The approach required new analytical methods for not only combining information from the double- and single-stranded transcript reads to determine which RNA bases were paired and which were not, but also to untangle variant-associated structural changes in the transcripts.
In their Nature study, the researchers' PARS-based look at RSS pointed to RSS signatures associated with open reading frames and with splice junctions where different expressed sequences, or exons, bump up against one another, for example, pointing to an apparent role for RNA splicing in RSS.
"We observed a distinct RSS around RNA exon-exon junctions," Wan said, noting that more research is needed to understand how splicing regulates RSS, and vice versa.
But the RSS information was not limited to protein-coding transcripts. On the contrary, their analysis highlighted sequence features defining binding sites in microRNAs and other non-coding transcript types as well.
It also indicated that, in contrast to patterns detected in yeast cells, the secondary structures of human RNAs were more pronounced in untranslated regions rather than coding regions of transcripts.
That study described largely comparable RSS patterns from in vitro experiments and experiments on human RNAs isolated from human cells using methods designed to reduce RNA structure disruption, Wan noted.
Even so, the group did see a fraction of transcriptome regions with significantly different structures in vitro, consistent with some of the findings described in the comparison study by Weissman and colleagues.
Using the data on lymphoblastoid cells from a child and both of his or her parents, meanwhile, the team also took a closer look at the consequences of genetic variation in this process, Wan noted.
"As the mutations between the father and the mother are inherited in the child," she said, "the structural changes between the [two] individuals can be further validated in their offspring, enabling us to validate the structural changes that we observed in the parents."
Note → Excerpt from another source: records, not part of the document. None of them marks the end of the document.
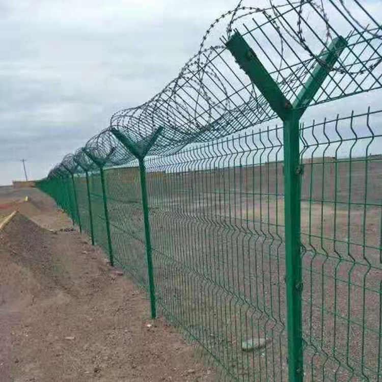 柵欄網面多選用菱形或矩形網格設計,網格尺寸經過專門計算,在實現視野通透的同時,能有效阻擋人員穿越。部分設計會在網面中段設置橫向加強構件,形成連續阻隔帶。支撐系統采用深埋地下的穩固立柱,并通過混凝土基礎固定,確保結構整體穩定。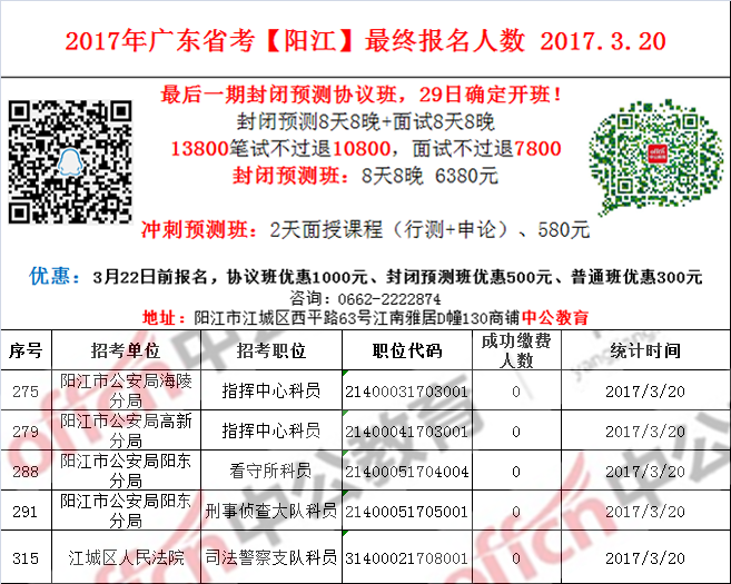 【陽江考區(qū)】2017年廣東省考最終報名人數(shù)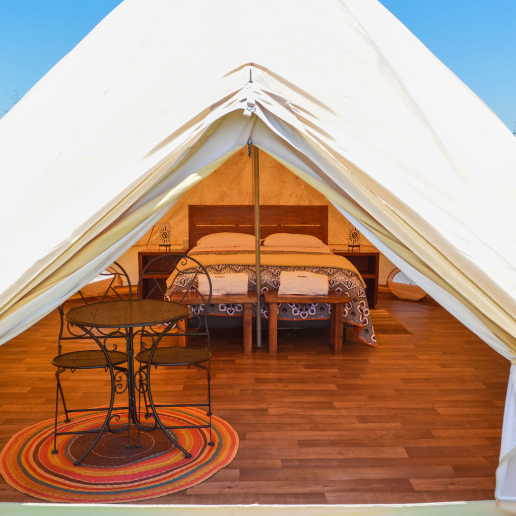 Cada uno de los tents de Hameki cuenta con cama king size o individual, tapetes, cobertores, luz tenue, baños privados, mesas individuales y una pequeña terraza; también permite disfrutar de amenidades orgánicas de productores locales. En el complejo encontrarás áreas comunes como jardines, mesas de madera, zonas de descanso, lago, zona de parrillas y alberca.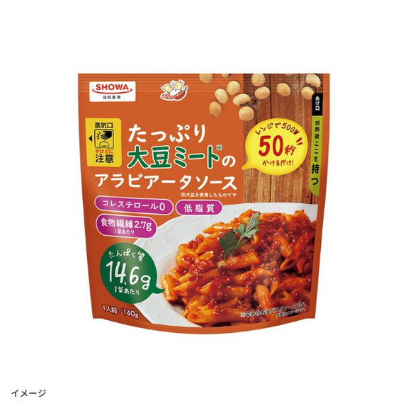 たっぷりの大豆ミートと、トマトの風味や唐辛子の辛味が味わえる、あっさりとしたアラビアータソースです。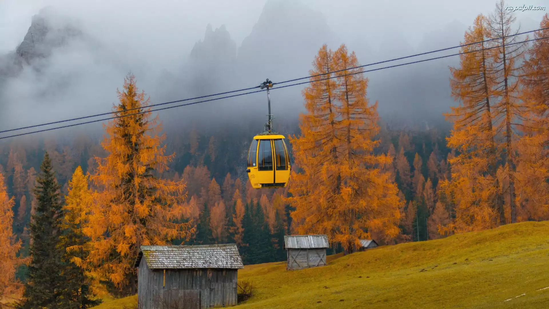 Kolejka linowa, Jesień, Góry, Modrzewie, Mgła Na Pulpit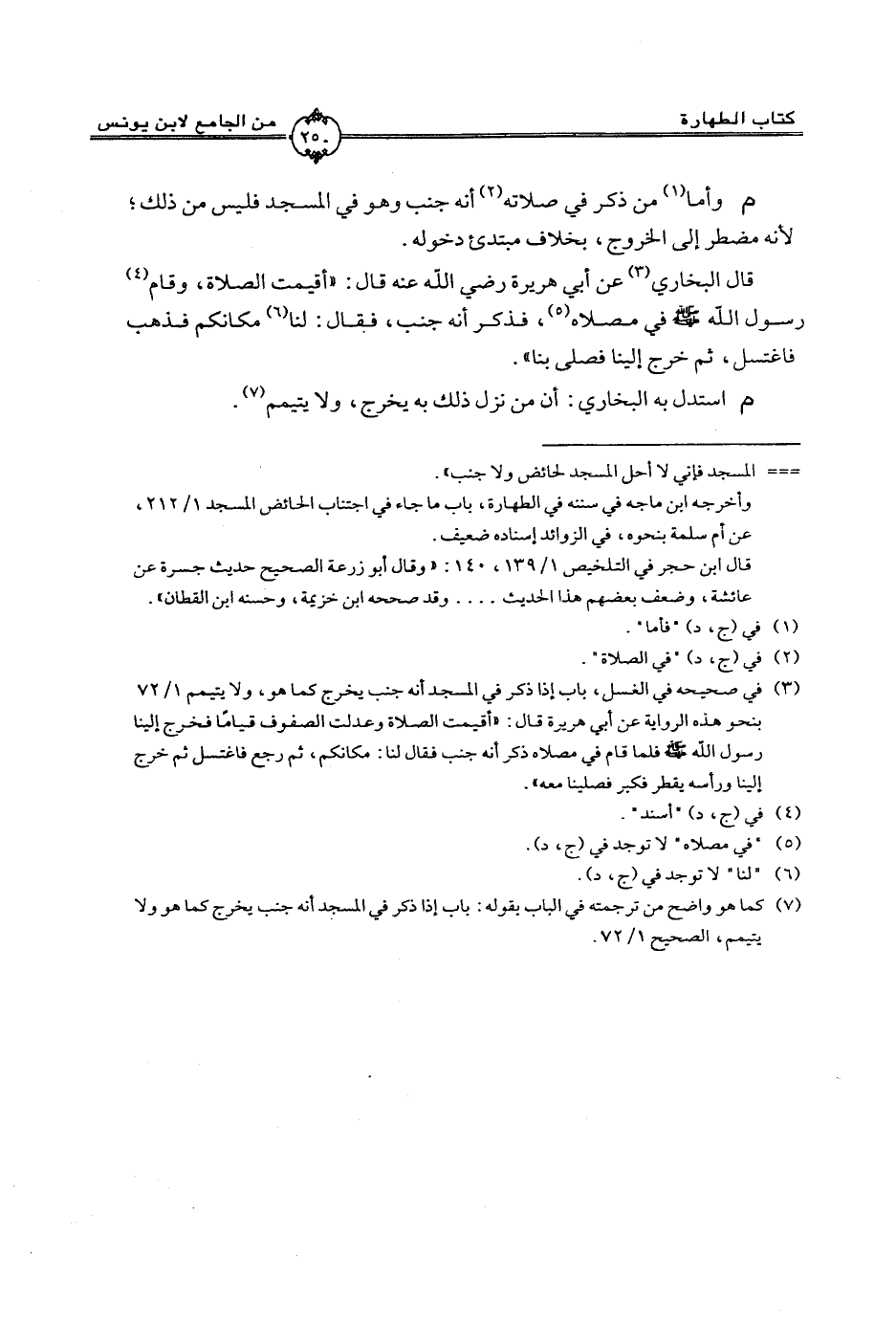 م وأما من ذكر في صلاته أنه جنب وهو في المسجد فليس من ذلك؛ لأنه مضطر إلي الخروج، بخلاف مبتدئ دخوله.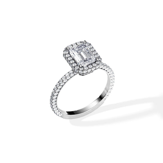 1.75 CT Emerald Cut Halo & Pave Moissanite Engagement Ring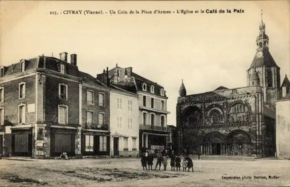 Ak Civray Vienne, Ecke Place d'Armes, Kirche, Café de la Paix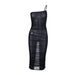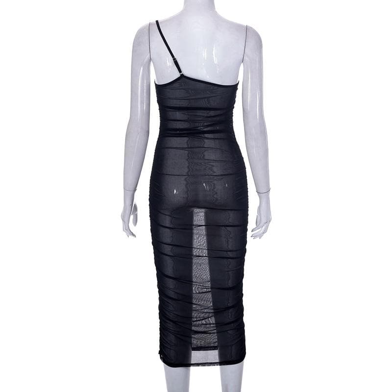 Sheer Mesh See Through One Shoulder Ruched Irregular Midi Dress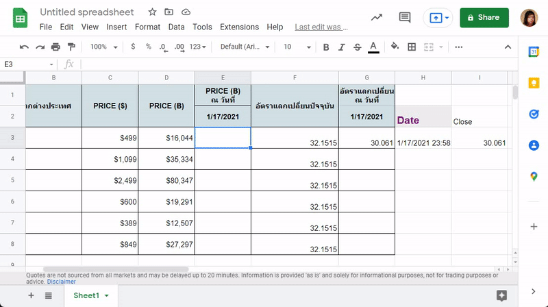 ที่เหลือก็ไม่มีอะไรยากละ ในช่อง "อัตราแลกเปลี่ยน ณ วันที่ 1/17/2021" เราก็ใส่สูตร "= i7" เพื่อ นำข้อมูลค่าเงินของวันที่ 1/17/2021 มาแสดง จากนั้นก็นำข้อมูลราคาดอลลาร์ในช่อง "C3" มาคูณกับช่อง "G3" ด้วยสูตร "=C3*$G3" เท่านั้นเอง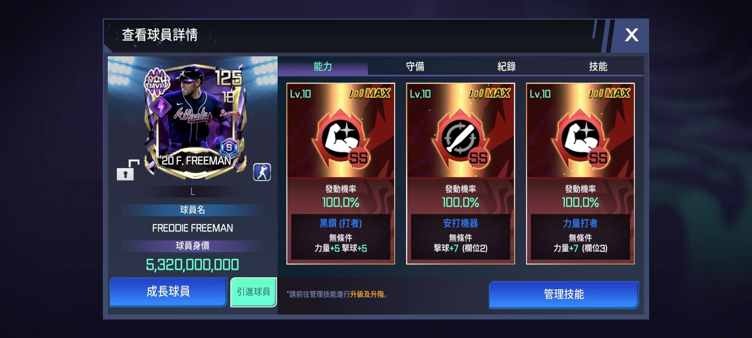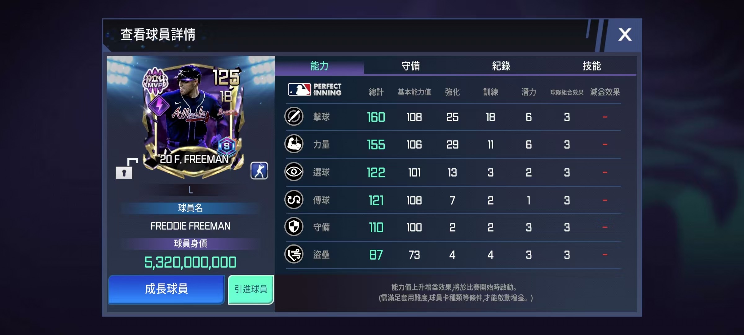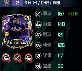 俱乐部阵容里的freeman(图1)明明击球数值160,另外两个技能100%触发额外+12点(图2),结果到了比赛中数值严重偏低!(图3)这游戏还能玩吗?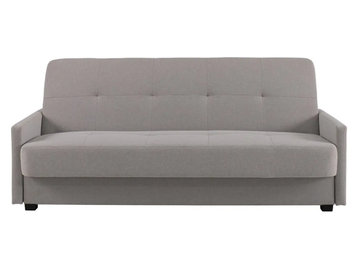 Sofá cama de tres plazas Maro plegable con arcón, tela trenzada gris

In particular, they uncovered more than 1,900 SNVs that seem to alter the local secondary structure of the RNA transcripts containing them. That's far more than anticipated based on past studies, Wan noted, and hints at a pronounced role for SNVs in governing RNA structure and related functional processes.
"[T]he landscape and variation of RSS across human transcriptomes suggest important roles of RNA structure in many aspects of gene regulation," Wan and co-authors concluded.
As they continue exploring such features and their effects, the researchers are interested in using in vivo strategies to look at how variant-associated RSS alterations impact cells' structural architecture, for example, and ways in which such structural changes shift in disease states compared to healthy samples from the same tissue.
"More work needs to be performed to understand mechanistically how these structure-changing mutations result in functional consequences in the cell," Wan said.